Valvular heart disease is a steadily increasing socioeconomic burden worldwide. The proportion of valvular surgeries has increased over the past decades and these procedures now account for more than 20% of all cardiac surgeries with the number of replacement per year expected to triple by 2050 . Tissue engineering (TE) of heart valves might overcome the well-known complications of contemporary devices implanted in young and elderly patients such as the need for a life-long anticoagulation therapy in the case of mechanical prostheses [2, 3], the degeneration and therefore limited durability of the biological heart valves [2, 3] and the limited availability of homografts . Furthermore, none of the available prostheses is capable of growth and remodeling. The basic concept of cell-based tissue engineering is to isolate/differentiate and expand tissue-specific cells derived from the patient and to seed them onto suitable matrix scaffolds. Subsequently, following in vitro cultivation and tissue development, the resulting structure is implanted into the recipient’s organism. The ultimate goal is to provide the patient with an implant produced with and by the patient’s own cells, able to remodel and self-repair, with physiological haemocompatibility, biologically and mechanically equivalent to the native tissue. Historically, TE heart valves have been designed to mimic the complex shape of the native valve in the attempt to recreate the natural haemodynamics .
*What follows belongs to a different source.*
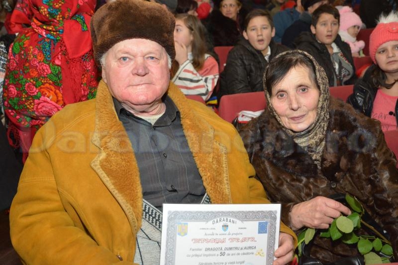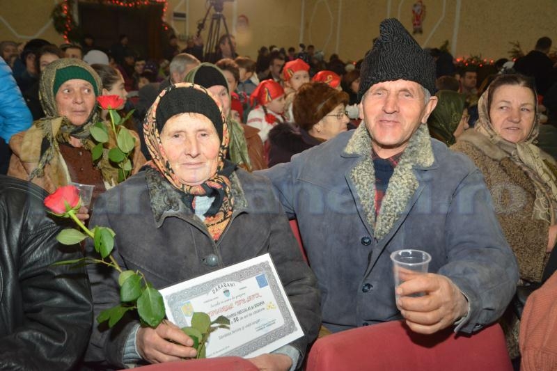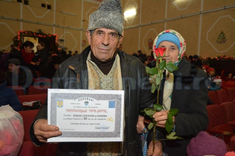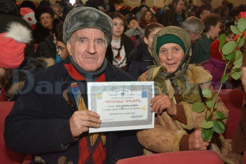 Poate că nu era cel mai potrivit moment ca şeful Poliţiei din Darabani să ne prezinte la Sărbători, numărul de violuri, al uciderilor din culpă, tâlhăriilor sau relelor tratamente acordate minorilor, dar până la urmă aceasta este cruda realitate. Comisarul şef Marius Gavrilescu a prezentat un raport mai scurt, motivând că aria de competenţă a instituţiei pe care o conduce este mai mică. Primarul Corneliu Aroşoaie, cu ajutorul a două crăciuniţe, a premiat cele 23 de familii de seniori dărăbăneni care au împlinit 50 de ani de la căsătorie. Bătrânii, în marea lor majoritate persoane nevoiaşe, au primit câte o diplomă, un trandafir roşu şi 100 de lei într-un plic. În final, ei au ciocnit un pahar de şampanie cu primarul oraşului. Aleşii şi funcţionarii dărăbăneni au eliberat scena pentru a face loc urătorilor. (foto şi video: Cristian RĂCNEA)

Since experimental testing of tissue-engineered heart valves can be extremely time-consuming and expensive, numerical models are desired to predict the effect of geometrical and material changes on performance. One research group has created a series of models to simulate the closing of fiber-reinforced leaflets  and stentless fiber-reinforced heart valves  using high-performance polyethelyne fibers (HP-PE) in an ethylene-propylene-diene-monomer rubber matrix. These models utilized a continuum rule of mixtures technique to represent the fiber-reinforced rubber material only in elements which contain a fiber. As far as the authors can tell, the formulation did not track the angle change of fibers with loading except through rigid body rotations of the composite elements. Fiber orientation and volume fraction were investigated, and optimization techniques were applied to design the leaflets. Xiong et al.  compared a tubular and a molded geometry for stentless pericardial bioprostheses. An isotropic material model was utilized because the geometry was the focus of the study. More recently, Marom et al.  created a model with fluid–structure interaction (FSI) to determine the correlation between root geometries and coaptation height and stresses. The effect of valve-specific collagen networks were also investigated  by mapping experimentally obtained collagen content and direction to an finite element (FE) model where collagen fibers were represented with beam elements. Cox et al.  created a simple, preliminary, FE model of the tubular heart valve geometry. While all of these modes represent varying degrees of modelling fidelity with aspects similar to the current study, none of them look at the effect of fiber reinforcement orientation for a tubular, tissue-engineered heart valve.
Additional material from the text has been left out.